Re: Searching large files a block at a time

Welcome to the Monastery.

"This uses the $/ input field separator, and then uses while (<>) to read a block at a time. I'd like to do this in pure perl, but I can't find a way."

Firstly, here's a simple example of how you might do this.

#!/usr/bin/env perl -l

use strict;
use warnings;

{
    local $/ = '';

    while (<DATA>) {
        chomp;
        print '--- One Block ---';
        print;
    }
} 

__DATA__
Block1 Line1
Block1 Line2
Block1 Line3


Block2 Line1
Block2 Line2
Block2 Line3



Block3 Line1
Block3 Line2
Block3 Line3

Block4 Line1
Block4 Line2
Block4 Line3
[download]

Notes:

Setting $/ to an empty string puts you in what's called "paragraph mode". This allows reading blocks (lines separated by one or more blank lines). The number of blank lines doesn't matter: note how that differs from '$/ = "\n\n"' which specifies an exact number of blank lines. See $/ in perlvar for further details.
When you modify '$/', or indeed any special variable, you should localise the change in limited scope so that the special variable works normally elsewhere in your code. In this instance, I've used an anonymous block (the code is within braces by themselves); subroutine definitions, BEGIN blocks, and so on, could work just as well: just keep the special variable modification separate from other code. See local, and the links that page provides, for more on this.
I'm reading using '<DATA>', which is just a handy way of reading the data after '__DATA__'. You could use '<$filehandle>', where that filehandle may come from open or some other source (see below).
For the purposes of demonstration, I've separated each block with a varying number blanks lines (specifically 2, 3, and 1). This is to show that the number of intervening blank lines doesn't matter when in paragraph mode.
See also chomp and -l in perlrun which I've used. Also look at say.

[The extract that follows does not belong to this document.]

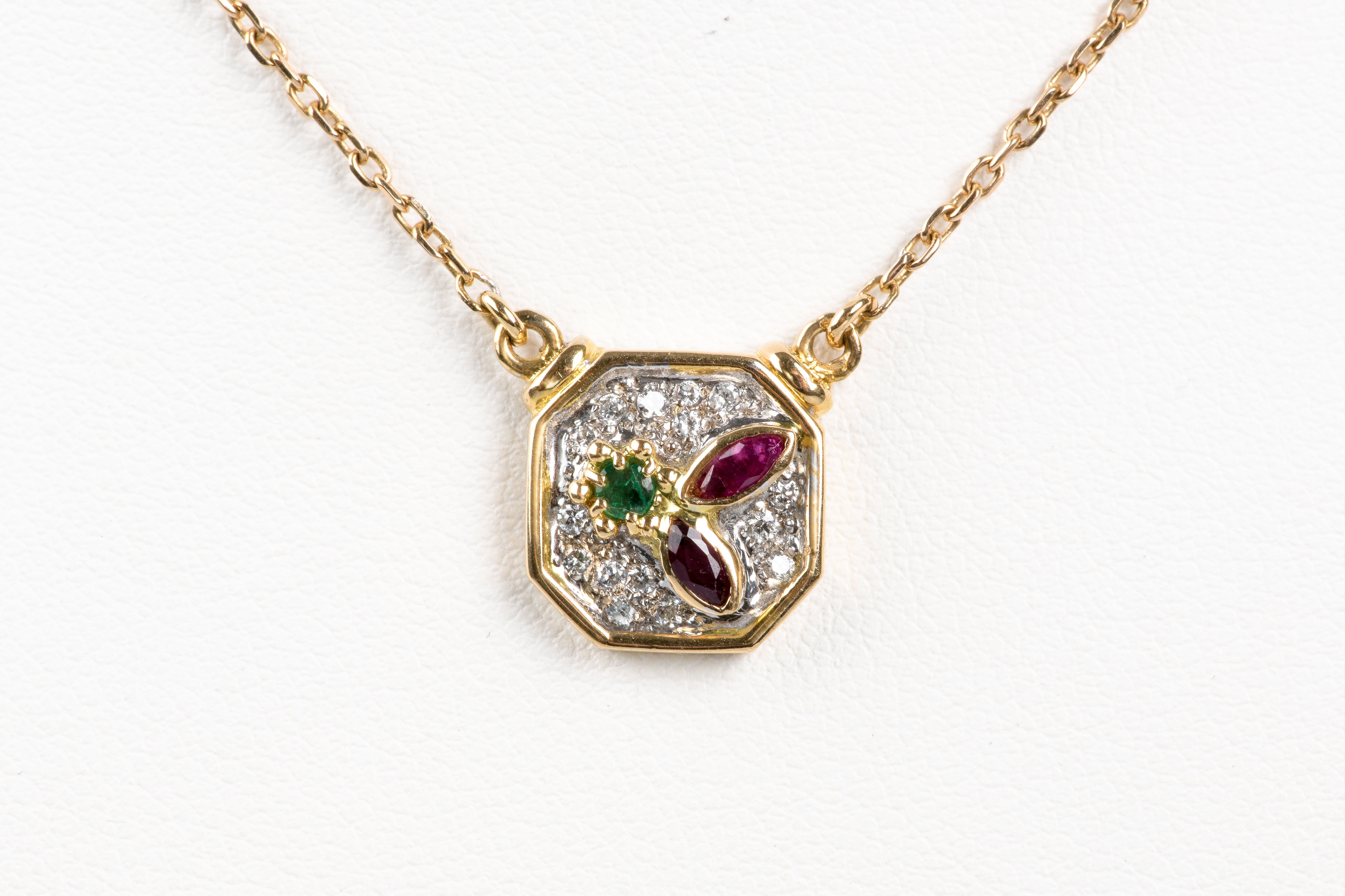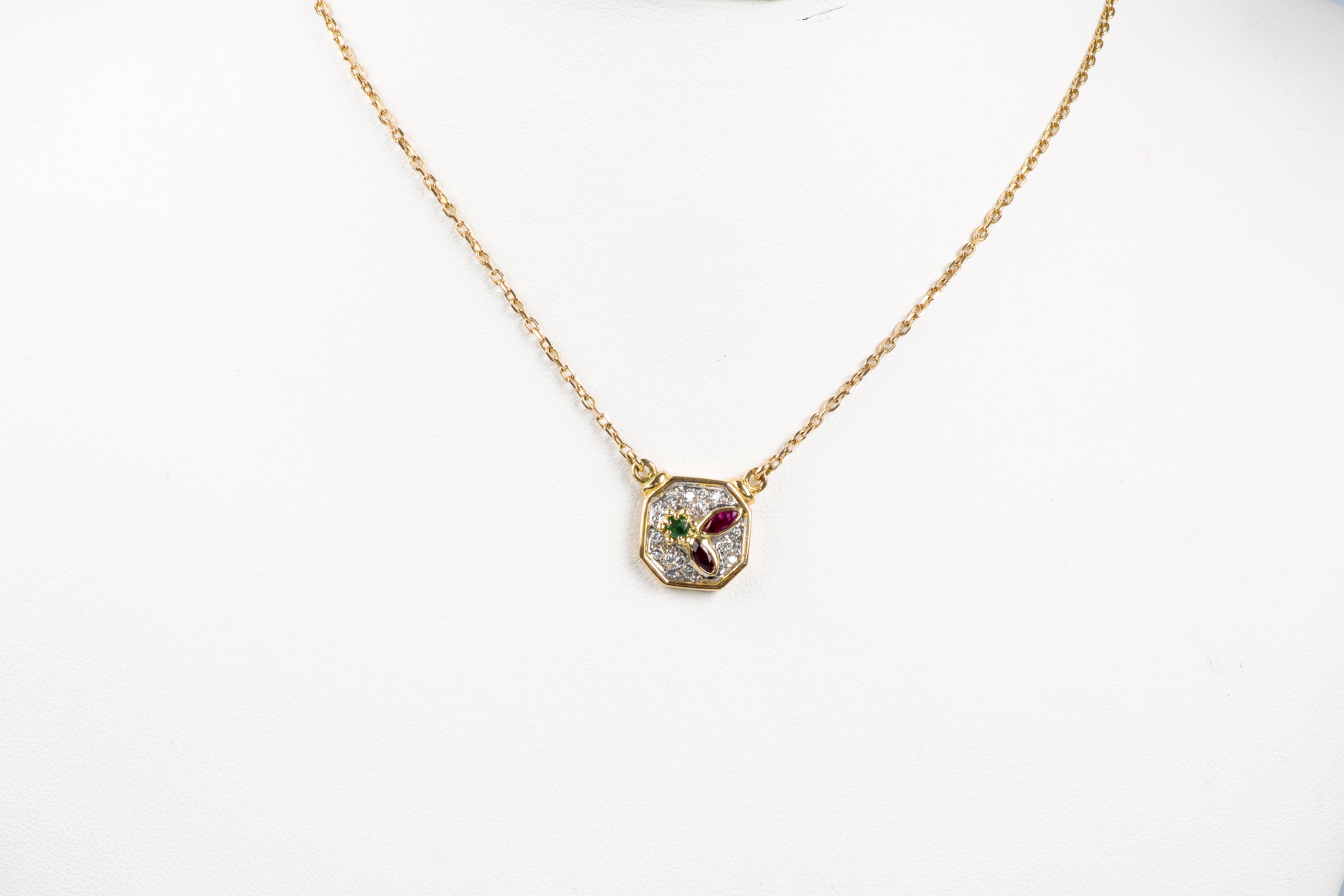 Collier or jaune de 18 carats orné de 1 Emeraude de 0.03 carat, 2 Rubis de 0.04 carat et 15 Diamants de 0.15 carat .

The output looks like this:

--- One Block ---
Block1 Line1
Block1 Line2
Block1 Line3
--- One Block ---
Block2 Line1
Block2 Line2
Block2 Line3
--- One Block ---
Block3 Line1
Block3 Line2
Block3 Line3
--- One Block ---
Block4 Line1
Block4 Line2
Block4 Line3
[download]

I thought ++roboticus had generally covered issues relating to '$/' and IO::Uncompress::Bunzip2; however, your reply seems to suggest you were looking for something else.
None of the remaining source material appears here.